И все-таки врач приезжал не зря, он дал снотворное жене аль-Хадиди. А вскоре уснул, прильнув к матери, и маленький Фахми.
Наконец он остался один, слушая крики, исторгаемые из глубин страждущего человеческого существа. Врач был прав, наркотик не оказал сколько-нибудь заметного действия. Теперь главное — чтобы к нему самому вернулось то душевное состояние, в котором он пребывал перед тем, как проснулся сын и взбунтовалась жена. Он знает и помнит это состояние. Оно и сейчас где-то тут, совсем рядом, но рассеивается и ускользает прочь. Он где-то посередине между тем, особенным, и обычным своим состоянием.
«А-а-а-а-а… О-о-о-о-о…»
Он почувствовал смутное умиротворение. Голос, проникая в сокровенные глубины его души, действовал на него живительно, достигал того отдаленного уголка, где скопилась собственная невысказанная боль. Боль сливалась с болью. Это был язык человеческого нутра, язык боли. Он выражает муку, жившую в нем, в аль-Хадиди. Вот уже много лет, как ему хочется выйти на площадь ат-Тахрир и, собрав все мужество и все силы, громко закричать, давая выход своей боли, как кричит сейчас Фахми. Но всякий раз ему не хватает решимости, он боится, что люди станут смеяться над ним, назовут его сумасшедшим. И он подавляет в себе этот порыв, подобно многим другим желаниям, загнанным в глубь подсознания.
«Ааааааа… Ооооооо…»
Только сейчас изведал он до конца собственную свою муку. Она ужаснее, чем боль и страдания Фахми. Разница в том, что у него в отличие от Фахми нет права на сострадание людей. Никто не поверит ему, если он закричит от мучительной, вечно подавляемой душевной боли, которая не находит выхода и от этого усиливается стократ.
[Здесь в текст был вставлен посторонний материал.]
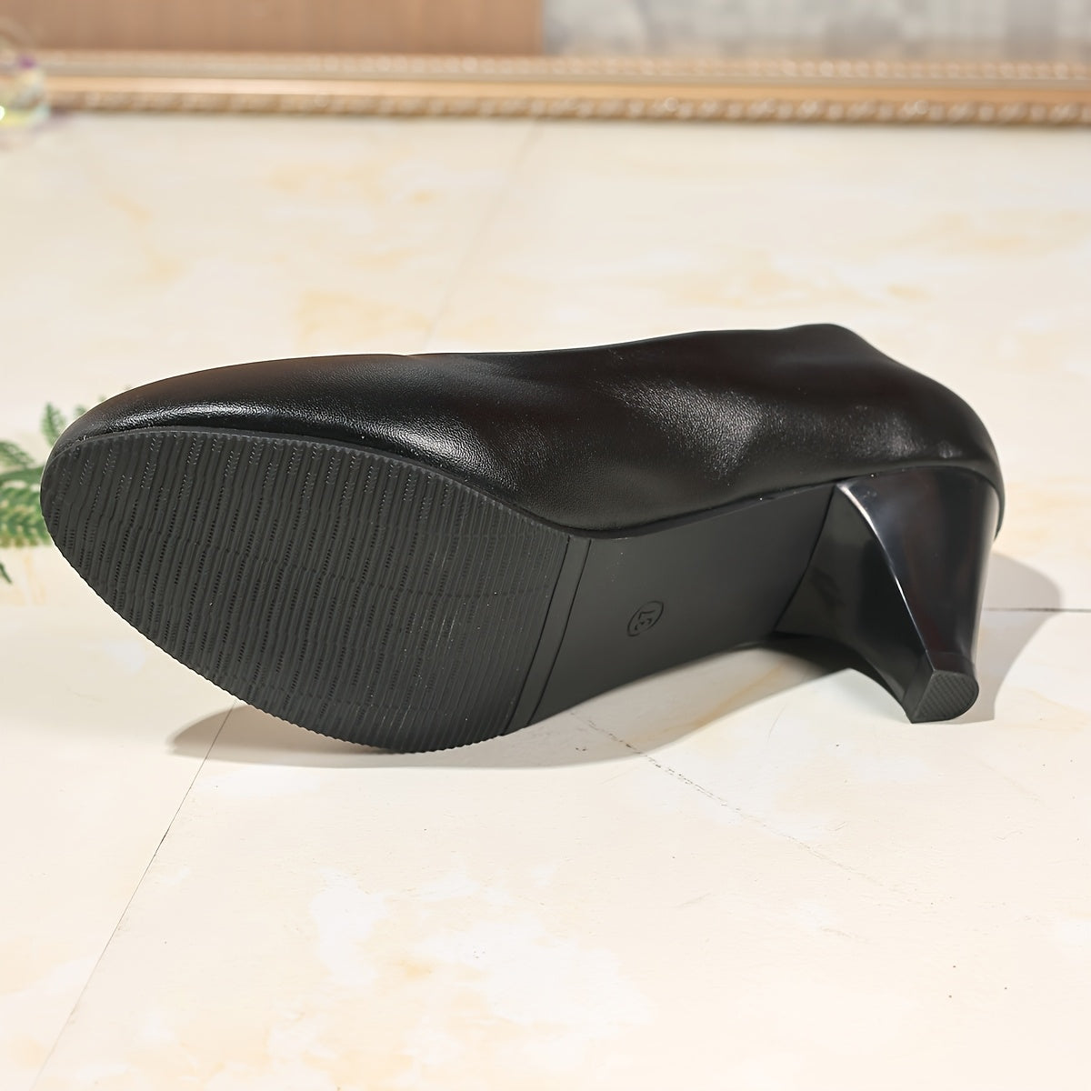 Women's Black High Heels Flare Fit Round Toe Thick Sole Pump

Теперь, когда он остался наедине с собой, со своей душевной мукой, он может заглянуть в глубину своего «я» и спросить: что же его мучит? Он достиг всего, о чем только мог мечтать. Все его грандиозные жизненные планы осуществились. Он примерный муж, семьянин, счастливец, окруженный со всех сторон вниманием, любовью и уважением; так откуда эта мука, столь невыносимая, что он завидует Фахми?
Интересно, что бы он делал и чувствовал, если бы жизнь его сложилась, как у Фахми? Если бы у него не было возможности закончить образование, этой возможности, которую обеспечил ему отец, сборщик налогов? Он помнит, как посмеивались над ним товарищи, когда он шел платить за учение: «Чем это ты платишь, уж не казенными ли денежками?» Что было бы, если б отец забрал его из школы и ему пришлось бы крестьянствовать? Рассуждая последовательно, аль-Хадиди следовало бы целовать отцу руки, припасть к его ногам. Что такое Фахми перед ним? Да, перед ним, который, несомненно, принадлежит к почетной верхушке, к лучшим из лучших, полон здоровья, пользуется всеми правами, не испытал на себе даже малейшей несправедливости? Что такое Фахми, которого бедность лишила разума, превратила в одного из миллионов невежественных феллахов. А бильгарциоз довершил начатое, разрушив его тело. Теперь он мертв, ведь жить ему остается считанные дни. Жизнь его была убога, а страдания — беспредельны. Если бы все это случилось с ним, аль-Хадиди, любопытно, что сказал бы он тогда о своей пресловутой «боли», о своих страданиях?
И аль-Хадиди, не колеблясь, ответил себе: я был бы счастливее.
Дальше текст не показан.